И из вязи аккуратных букв пишущей машинки перед глазами командира выплывает красное и горячее, как свежий сургуч, огромное свинцовое слово!
И уже наверху гремят залпы, выплескиваются из дул длинные, мгновенно рвущиеся шлейфы желтого огня и рыжего дыма, ухает плещущая вода, скрежещет сталь и умирают люди…
Вестовой уходит. Дремлет, прислонившись к кожаной спинке дивана, командующий, на цыпочках выходит в передний салон, прикорнуть на десять минут, начальник штаба.

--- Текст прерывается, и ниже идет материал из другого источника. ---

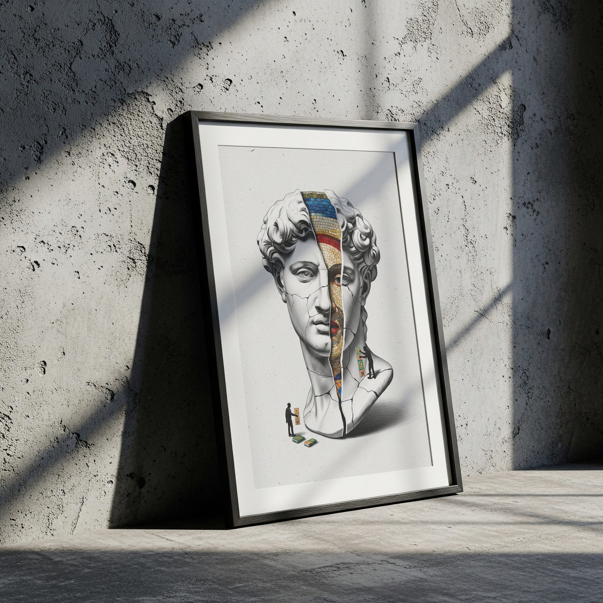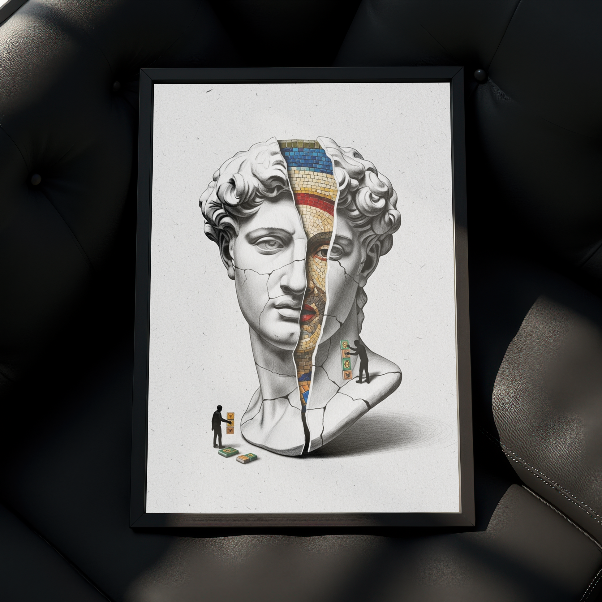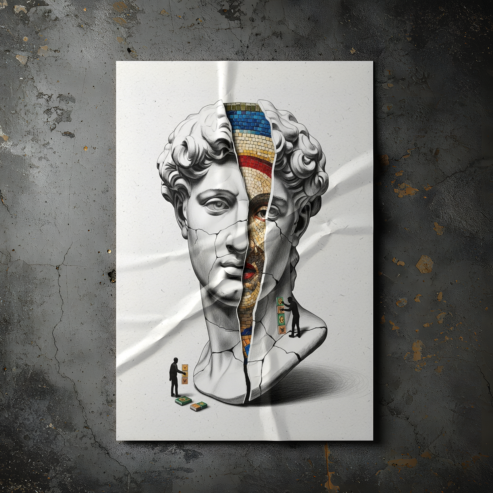 Luiff Art'ın bu entelektüel tasarımı, "Tarihin Katmanları"nı sorguluyor. Rönesans'ın başyapıtı David büstü, altındaki daha eski bir sanat formu olan "Bizans Mozaiği"ni ortaya çıkarmak için bir arkeolog gibi kazılıyor.

Часовой у флага остановившимися, немигающими глазами смотрит на светлое пятно люка. Отсветы его, пересеченные решеткой, неподвижно стынут на зрачках часового.
Спит рейд, спят корабли.
Слезы текут из раздраженных напряжением глаз вахтенных начальников, слезы стекают по красным векам кочегаров, шурующих в топках, подымая пары для полного хода. Звон и шуранье лопат, захватывающих размельченную кашу угля, рев топок, вой вентиляторов. Спящие корабли готовятся к бою.
* * *
Поляна горит ядовитой зеленью травы. Трава высока и жирна. Она хлещет по ногам и мешает идти. Как это неприятно! Ведь нужно идти скорее. На той стороне поляны, под низкими ветками ивы, стоит девушка в белом платьице с сиреневыми полосками. Солнце золотит крутые завитки волос на тоненькой шее.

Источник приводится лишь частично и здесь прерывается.